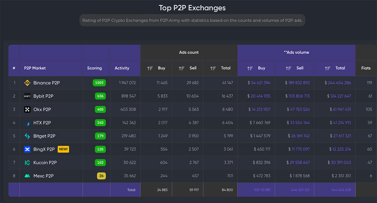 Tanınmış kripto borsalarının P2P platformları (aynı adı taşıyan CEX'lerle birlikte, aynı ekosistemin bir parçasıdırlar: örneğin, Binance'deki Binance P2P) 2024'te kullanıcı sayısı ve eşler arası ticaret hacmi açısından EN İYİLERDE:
....................
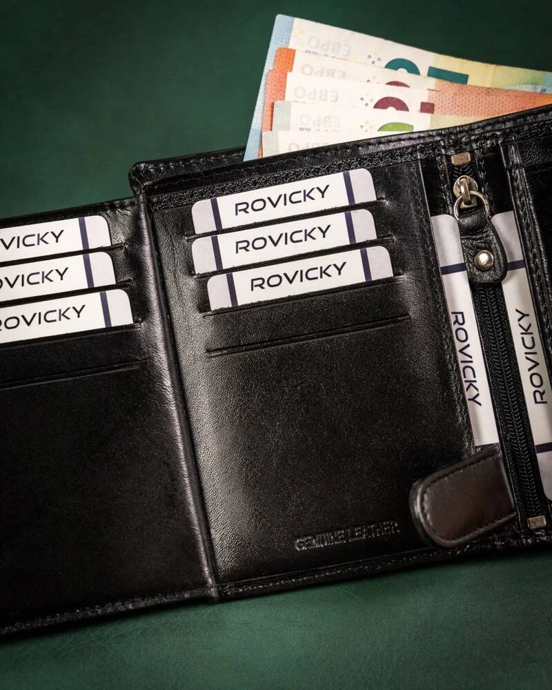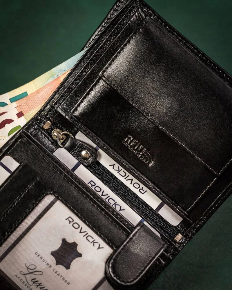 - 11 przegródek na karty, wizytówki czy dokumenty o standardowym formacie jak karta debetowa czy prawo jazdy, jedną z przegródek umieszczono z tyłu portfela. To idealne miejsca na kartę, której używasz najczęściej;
....................
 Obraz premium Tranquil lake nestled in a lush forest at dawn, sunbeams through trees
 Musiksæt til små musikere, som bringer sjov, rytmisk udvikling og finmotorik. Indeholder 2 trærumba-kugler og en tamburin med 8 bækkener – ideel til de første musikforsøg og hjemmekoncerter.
....................
WHAT IS NEEDED >>
When you reach the line in the material above that holds "Obraz premium Tranquil", begin reproducing lines exactly, and stop after the line that holds "Musiksæt til små".

RESPONSE TO THIS EXERCISE >>
 Obraz premium Tranquil lake nestled in a lush forest at dawn, sunbeams through trees
 Musiksæt til små musikere, som bringer sjov, rytmisk udvikling og finmotorik. Indeholder 2 trærumba-kugler og en tamburin med 8 bækkener – ideel til de første musikforsøg og hjemmekoncerter.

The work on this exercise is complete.